• ACTION ITEM:
Look below for the line that contains "- Developed to", then copy it and each following line exactly, through and including the line that contains "Art Eclectic Contemporary".

□ □ □ □

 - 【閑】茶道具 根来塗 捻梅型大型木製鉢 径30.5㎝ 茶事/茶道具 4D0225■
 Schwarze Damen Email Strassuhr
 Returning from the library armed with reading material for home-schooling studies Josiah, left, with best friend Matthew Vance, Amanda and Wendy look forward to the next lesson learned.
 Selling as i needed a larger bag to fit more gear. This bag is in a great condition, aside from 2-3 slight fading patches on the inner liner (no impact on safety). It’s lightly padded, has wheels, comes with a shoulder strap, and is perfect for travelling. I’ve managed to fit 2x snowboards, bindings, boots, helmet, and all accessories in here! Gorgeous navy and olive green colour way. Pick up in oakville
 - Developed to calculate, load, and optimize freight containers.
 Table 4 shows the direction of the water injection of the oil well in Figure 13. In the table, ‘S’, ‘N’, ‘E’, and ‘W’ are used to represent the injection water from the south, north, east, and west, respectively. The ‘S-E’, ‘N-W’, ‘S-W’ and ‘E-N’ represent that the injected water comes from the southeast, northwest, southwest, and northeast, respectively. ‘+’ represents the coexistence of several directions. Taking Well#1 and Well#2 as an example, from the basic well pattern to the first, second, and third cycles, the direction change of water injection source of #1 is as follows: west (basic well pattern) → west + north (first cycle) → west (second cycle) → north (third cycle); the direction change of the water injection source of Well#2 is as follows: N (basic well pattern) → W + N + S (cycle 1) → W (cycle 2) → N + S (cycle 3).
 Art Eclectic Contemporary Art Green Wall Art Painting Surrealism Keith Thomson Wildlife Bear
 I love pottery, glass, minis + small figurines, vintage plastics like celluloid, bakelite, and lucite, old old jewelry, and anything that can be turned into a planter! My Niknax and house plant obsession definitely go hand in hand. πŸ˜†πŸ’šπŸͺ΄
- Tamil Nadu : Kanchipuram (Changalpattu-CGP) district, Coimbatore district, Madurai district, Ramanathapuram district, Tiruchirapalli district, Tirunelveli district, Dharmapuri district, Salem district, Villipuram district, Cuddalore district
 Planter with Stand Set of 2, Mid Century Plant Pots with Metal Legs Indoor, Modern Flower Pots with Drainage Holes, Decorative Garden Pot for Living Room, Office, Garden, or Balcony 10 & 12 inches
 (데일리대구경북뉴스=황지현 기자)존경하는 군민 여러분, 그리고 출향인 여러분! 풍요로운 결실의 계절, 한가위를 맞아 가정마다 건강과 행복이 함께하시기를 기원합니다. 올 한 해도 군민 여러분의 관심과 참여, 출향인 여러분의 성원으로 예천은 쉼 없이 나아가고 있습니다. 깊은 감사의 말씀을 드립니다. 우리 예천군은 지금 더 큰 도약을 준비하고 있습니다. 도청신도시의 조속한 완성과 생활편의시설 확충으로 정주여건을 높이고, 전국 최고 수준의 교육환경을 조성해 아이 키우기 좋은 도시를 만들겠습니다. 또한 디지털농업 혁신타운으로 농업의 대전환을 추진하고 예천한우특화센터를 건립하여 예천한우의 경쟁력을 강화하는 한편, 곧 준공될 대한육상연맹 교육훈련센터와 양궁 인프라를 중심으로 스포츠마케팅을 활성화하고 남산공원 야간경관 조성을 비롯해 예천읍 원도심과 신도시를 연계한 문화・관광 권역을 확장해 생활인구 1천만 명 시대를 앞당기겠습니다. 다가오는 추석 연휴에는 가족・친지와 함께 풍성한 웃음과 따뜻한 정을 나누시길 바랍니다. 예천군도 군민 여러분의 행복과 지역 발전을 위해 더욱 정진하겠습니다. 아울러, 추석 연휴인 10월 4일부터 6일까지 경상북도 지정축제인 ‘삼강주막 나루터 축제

□ □ □ □

• ANSWER TO THIS EXERCISE:
 - Developed to calculate, load, and optimize freight containers.
 Table 4 shows the direction of the water injection of the oil well in Figure 13. In the table, ‘S’, ‘N’, ‘E’, and ‘W’ are used to represent the injection water from the south, north, east, and west, respectively. The ‘S-E’, ‘N-W’, ‘S-W’ and ‘E-N’ represent that the injected water comes from the southeast, northwest, southwest, and northeast, respectively. ‘+’ represents the coexistence of several directions. Taking Well#1 and Well#2 as an example, from the basic well pattern to the first, second, and third cycles, the direction change of water injection source of #1 is as follows: west (basic well pattern) → west + north (first cycle) → west (second cycle) → north (third cycle); the direction change of the water injection source of Well#2 is as follows: N (basic well pattern) → W + N + S (cycle 1) → W (cycle 2) → N + S (cycle 3).
 Art Eclectic Contemporary Art Green Wall Art Painting Surrealism Keith Thomson Wildlife Bear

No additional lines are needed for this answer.